THE PROBLEM » Here the job is to transcribe only the lines from the one containing "2 and a half" through the last line below, exactly as written; please leave out pictures.

RECORDS FOR THIS EXERCISE »
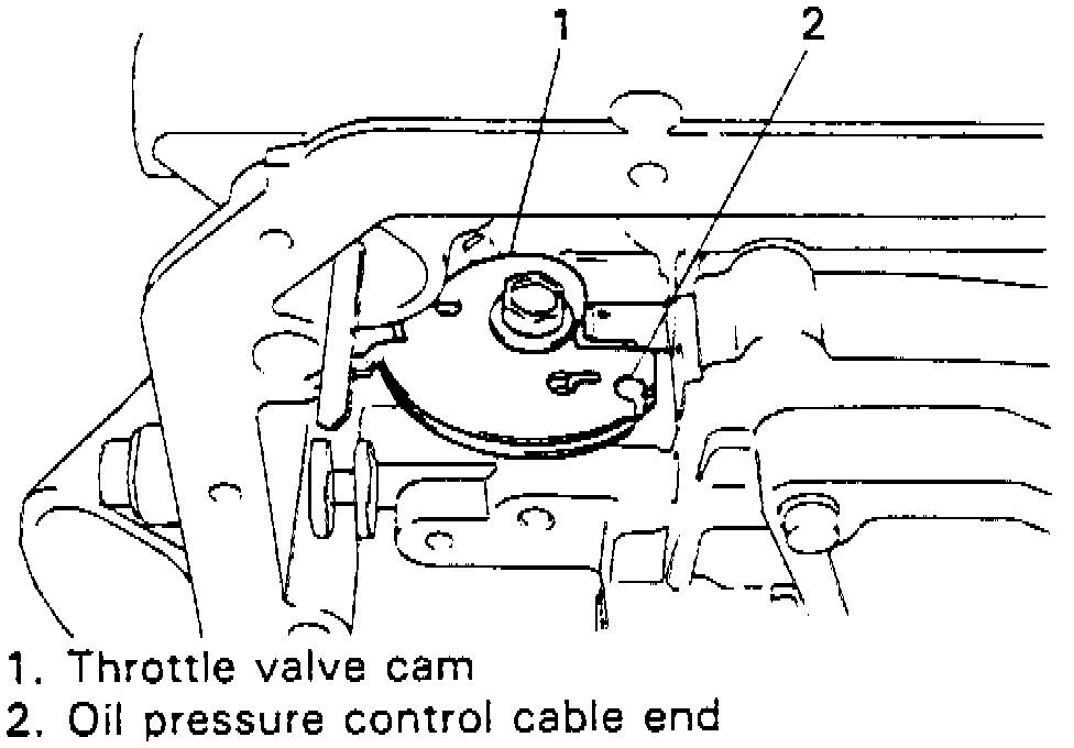 1. Remove cable cover, then disconnect oil pressure control cable from accelerator cable.2. Drain transaxle fluid into appropriate container and remove oil pan.
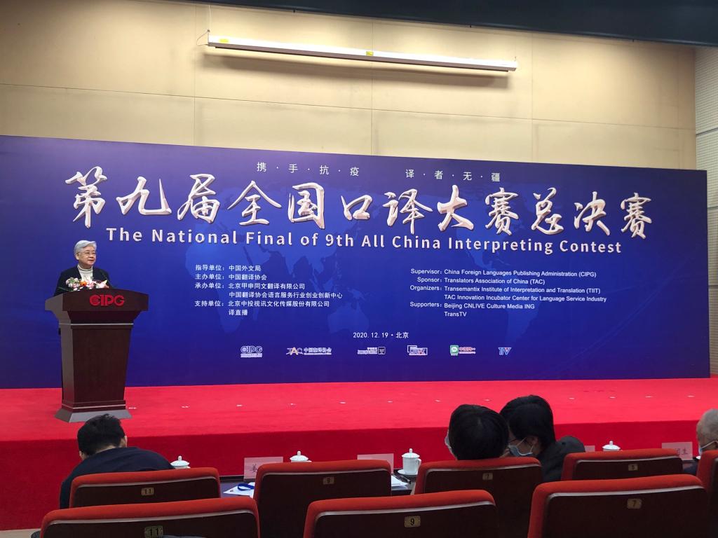 中国翻译协会顾问唐闻生、朱英璜,常务理事徐亚男,当代中国与世界研究院副经理、中国翻译协会副秘书长杨平等出席大赛总决赛闭幕式暨颁奖典礼,并为获奖选手和指导老师颁发奖杯、荣誉证书。作为老一辈的口译员,唐闻生先生在闭幕式上致辞。她希望广大翻译工作者、特别是青年翻译工作者,牢记使命,勇于担当,学好本领,夯实基础,好好把握新时代赋予的大好机遇,开阔全球视野,树立大局意识,为推动我国翻译事业繁荣发展和中华民族伟大复兴做出贡献。
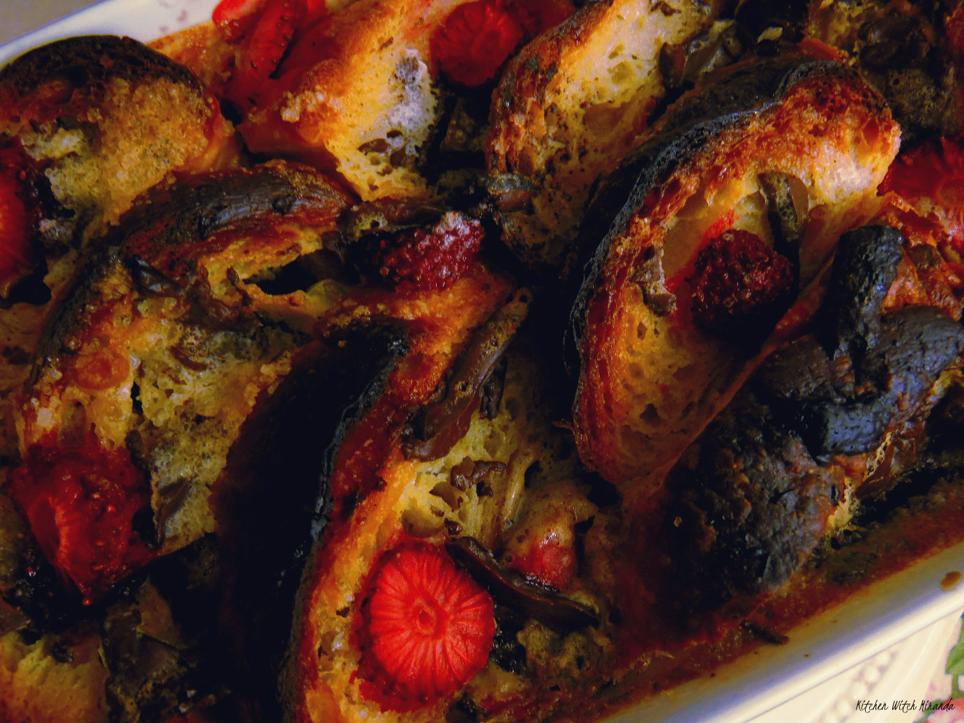 2 and a half croissants - either puff pastry (recipe here) or brioche (rye brioche here)2 tbsp strawberry jam (wild berries compote here)butter - it's your choice how much you use in the bread!half cup chopped strawberrieshalf a tablet dark chocolate, at least 70% cocoa 2 eggs1 tsp vanilla extracthalf a cup dark muscovado sugar2 cups of milkSpread the inside of the croissants with butter and jam, spread half of them on a baking tray. Scatter half the strawberries and half the chopped chocolate over it. Spread another layer of buttered and jam covered croissants and scatter the rest of the strawberries and the chocolate. Beat the eggs with the sugar, add the milk and the vanilla, pour over the croissants. Allow to sit and infuse for about half an hour then cook in a pre-heated oven at 180º until it's golden and bubbling away. Do not be me, and forget about it so when you take it out of the oven there's a healthy blush of nearly burnt croissant on top. We managed to just avoid that. Let it cool for a few minutes then serve and eat while you read one of my novels and unwind. Yes, it is the ultimate treat, I know
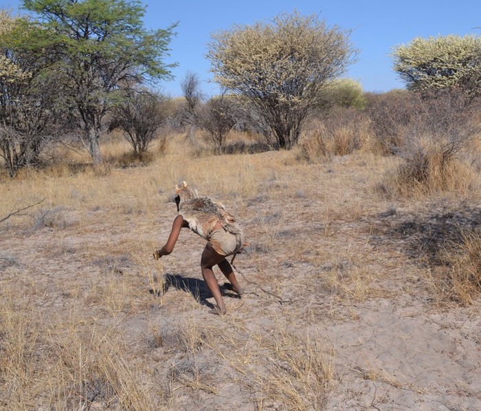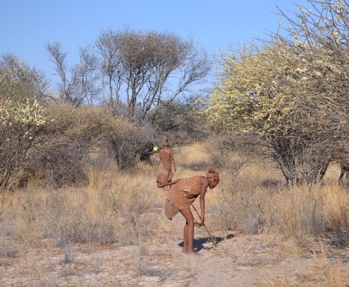 Не смотря на то, что бушмены лучшие в мире следопыты, мясо им удается есть не часто. Одна из причин того, что бушмены маленькие и стройные – как раз недостаток белковой пищи в рационе и основным видом добычи пропитания для них, как и тысячелетия назад является собирательство.
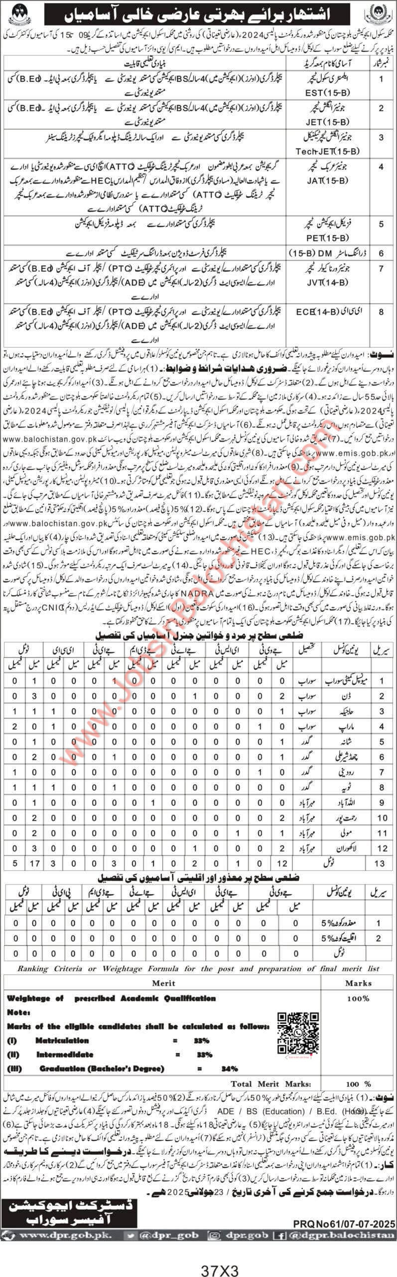 The Education Department of District Surab, Balochistan, invites applications for various teaching jobs in schools across the district UC. These posts are temporary, (may extendable permanent) and candidates from Sohbatpur are encouraged to apply. Applicants must meet the required educational qualifications and eligibility criteria to be considered for these roles.

TASK ANSWER »
 2 and a half croissants - either puff pastry (recipe here) or brioche (rye brioche here)2 tbsp strawberry jam (wild berries compote here)butter - it's your choice how much you use in the bread!half cup chopped strawberrieshalf a tablet dark chocolate, at least 70% cocoa 2 eggs1 tsp vanilla extracthalf a cup dark muscovado sugar2 cups of milkSpread the inside of the croissants with butter and jam, spread half of them on a baking tray. Scatter half the strawberries and half the chopped chocolate over it. Spread another layer of buttered and jam covered croissants and scatter the rest of the strawberries and the chocolate. Beat the eggs with the sugar, add the milk and the vanilla, pour over the croissants. Allow to sit and infuse for about half an hour then cook in a pre-heated oven at 180º until it's golden and bubbling away. Do not be me, and forget about it so when you take it out of the oven there's a healthy blush of nearly burnt croissant on top. We managed to just avoid that. Let it cool for a few minutes then serve and eat while you read one of my novels and unwind. Yes, it is the ultimate treat, I know
 Не смотря на то, что бушмены лучшие в мире следопыты, мясо им удается есть не часто. Одна из причин того, что бушмены маленькие и стройные – как раз недостаток белковой пищи в рационе и основным видом добычи пропитания для них, как и тысячелетия назад является собирательство.
 The Education Department of District Surab, Balochistan, invites applications for various teaching jobs in schools across the district UC. These posts are temporary, (may extendable permanent) and candidates from Sohbatpur are encouraged to apply. Applicants must meet the required educational qualifications and eligibility criteria to be considered for these roles.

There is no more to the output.